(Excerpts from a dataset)
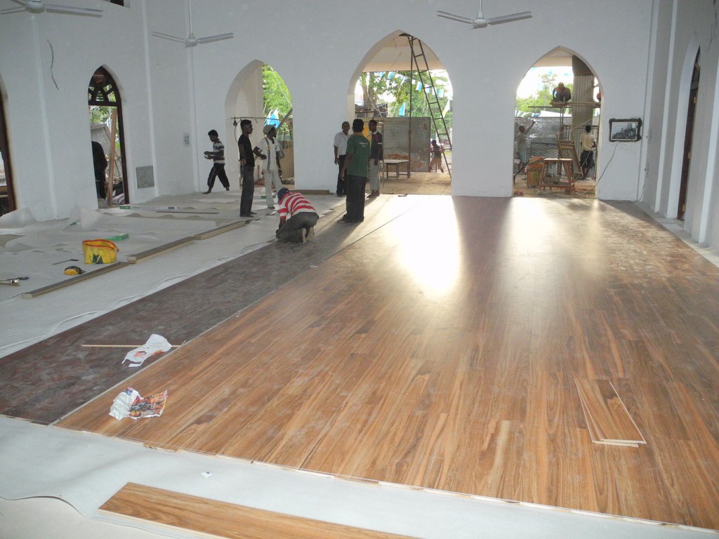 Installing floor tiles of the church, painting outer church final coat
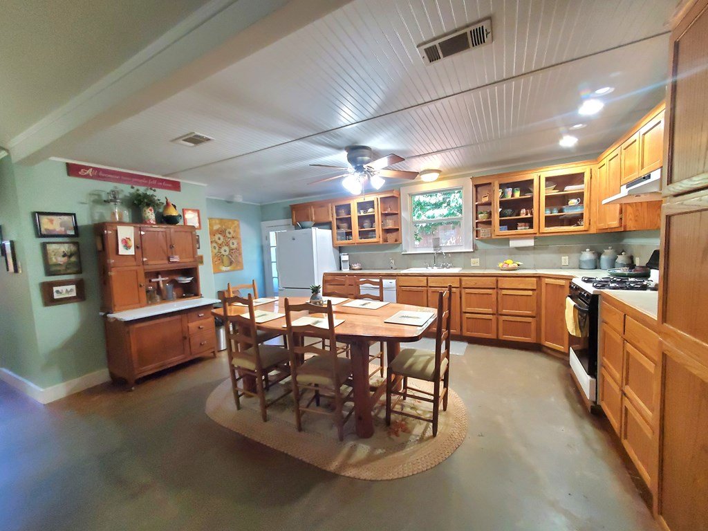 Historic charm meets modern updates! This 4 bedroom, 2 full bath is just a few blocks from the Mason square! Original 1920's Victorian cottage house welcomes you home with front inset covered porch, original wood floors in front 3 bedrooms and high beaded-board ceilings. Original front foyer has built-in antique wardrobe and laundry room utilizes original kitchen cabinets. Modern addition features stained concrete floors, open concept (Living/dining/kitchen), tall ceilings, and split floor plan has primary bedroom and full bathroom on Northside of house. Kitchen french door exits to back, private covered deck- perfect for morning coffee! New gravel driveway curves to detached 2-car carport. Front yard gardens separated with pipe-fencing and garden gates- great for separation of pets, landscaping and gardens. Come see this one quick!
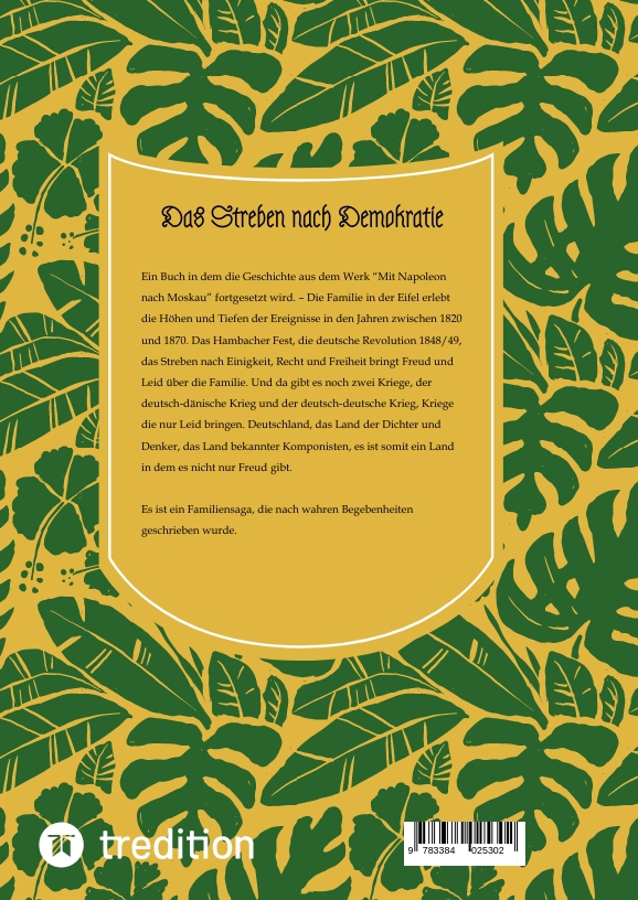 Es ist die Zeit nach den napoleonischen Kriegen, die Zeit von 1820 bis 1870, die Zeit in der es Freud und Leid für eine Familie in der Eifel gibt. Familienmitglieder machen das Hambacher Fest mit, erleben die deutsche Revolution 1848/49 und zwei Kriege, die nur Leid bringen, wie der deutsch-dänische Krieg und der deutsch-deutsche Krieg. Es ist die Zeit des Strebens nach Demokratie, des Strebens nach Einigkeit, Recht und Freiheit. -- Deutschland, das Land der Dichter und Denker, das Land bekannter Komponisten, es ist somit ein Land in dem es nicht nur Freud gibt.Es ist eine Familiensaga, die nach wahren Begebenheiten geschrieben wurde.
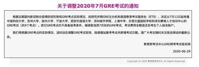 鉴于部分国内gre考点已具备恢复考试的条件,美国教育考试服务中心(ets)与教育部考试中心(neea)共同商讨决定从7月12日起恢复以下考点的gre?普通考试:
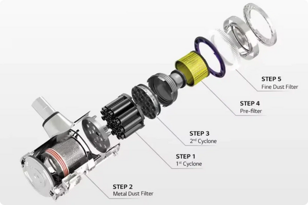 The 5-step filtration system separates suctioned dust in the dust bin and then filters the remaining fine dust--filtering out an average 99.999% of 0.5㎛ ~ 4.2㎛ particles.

» **HOW TO COMPLETE THIS TASK**: The lines needed run from the first line of the records through the line containing "Historic charm meets", both included. Restate them word for word, without pictures.

» **SOLUTION TO THIS TASK**:
 Installing floor tiles of the church, painting outer church final coat
 Historic charm meets modern updates! This 4 bedroom, 2 full bath is just a few blocks from the Mason square! Original 1920's Victorian cottage house welcomes you home with front inset covered porch, original wood floors in front 3 bedrooms and high beaded-board ceilings. Original front foyer has built-in antique wardrobe and laundry room utilizes original kitchen cabinets. Modern addition features stained concrete floors, open concept (Living/dining/kitchen), tall ceilings, and split floor plan has primary bedroom and full bathroom on Northside of house. Kitchen french door exits to back, private covered deck- perfect for morning coffee! New gravel driveway curves to detached 2-car carport. Front yard gardens separated with pipe-fencing and garden gates- great for separation of pets, landscaping and gardens. Come see this one quick!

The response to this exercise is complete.